Rapping, then singing, talk-singing, and sing-talking to the accompaniment of jazz instruments, Mos Def would seem to be inventing a new music with familiar materials. In fact, he is building on a tradition of mixing up spoken language, verse, and melody that dates back to ragtime and runs through the history of jazz. (Nearly every style of music has incorporated speech in some way at one time or another.) As early as 1908, Scott Joplin composed what might qualify as the first proto-rap song, “Pine Apple Rag.” In the swing era, Louis Armstrong, Don Redman, Cab Calloway, and Slim Gaillard all made specialties of recitative in tempo. In fact, Gaillard, late in his life, was recruited by a Canadian hip-hop group, Dream Warriors, to rap on a straight-ahead hip-hop record, “Very Easy to Assemble But Hard to Take Apart.
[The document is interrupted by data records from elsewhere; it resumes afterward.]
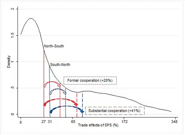 Retombées positives des mesures SPS et de la cooptation – Effets sur le commerce agricole entre le Nord et le Sud. Authors’ elaboration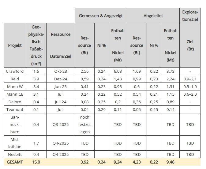 Das Explorationsziel wurde durch Modellierung der identifizierten Nickelsulfidmineralisierung innerhalb des aktuellen Schätzungsbereichs, jedoch außerhalb des aktuellen MRE-Gebiets, abgeleitet. Das Volumen des modellierten Explorationszielgebiets bestimmt die potenzielle Tonnageangabe im Explorationsziel. Der im Explorationsziel angegebene Gehaltbereich wurde unter Berücksichtigung der Bohrkernresultate innerhalb des modellierten Explorationszielgebiets, unter Berücksichtigung der geologischen Gegebenheiten in einem gut erforschten Nickel-Lagerstättentyp, in dem Gehalte beobachtet werden und gut verstanden sind, sowie auf der Grundlage der Erfahrung des Unternehmens und der qualifizierten Personen ermittelt. Die potenziellen Tonnagen und Gehalte sind konzeptioneller Natur und basieren auf Bohrlöchern und geophysikalischen Ergebnissen, die die ungefähre Länge, Mächtigkeit, Tiefe und den Gehalt des Explorationsziels definieren. Die Exploration ist noch nicht ausreichend, um eine aktuelle Mineralressource zu definieren, und das Unternehmen weist darauf hin, dass das Risiko besteht, dass weitere Explorationen nicht zur Abgrenzung einer aktuellen Mineralressource führen werden.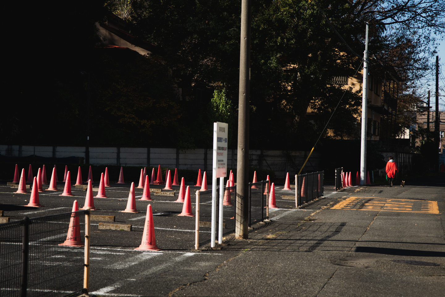 ここは古い団地の駐車場で、数年前に団地の取り壊しが決まってから駐車場には赤いカラーコーンが立ち並び、面白い光景になっている。そんな中、赤い服を着ている人が現れたので赤い服とカラーコーンの大きさを合わせてシャッターを撮ってみようと思った。

If the existence of Canadian hip-hop with Slim Gaillard at the microphone teaches us anything, it is that oddball combinations of musical, cultural, and historical elements are easier to assemble than one might think. The importance of Mos Def and His Big Band lies not in its uniqueness, but in how fine and true it sounds. The music, for all its surprise, has heart and the resonance of inevitability. It is mash-up music of a high order, the sound of the current era of recording—the iPod age—as live art. If it does not quite fit in our understanding of a songbook, so be it. Mos Def is now an icon of something else: the great American playlist.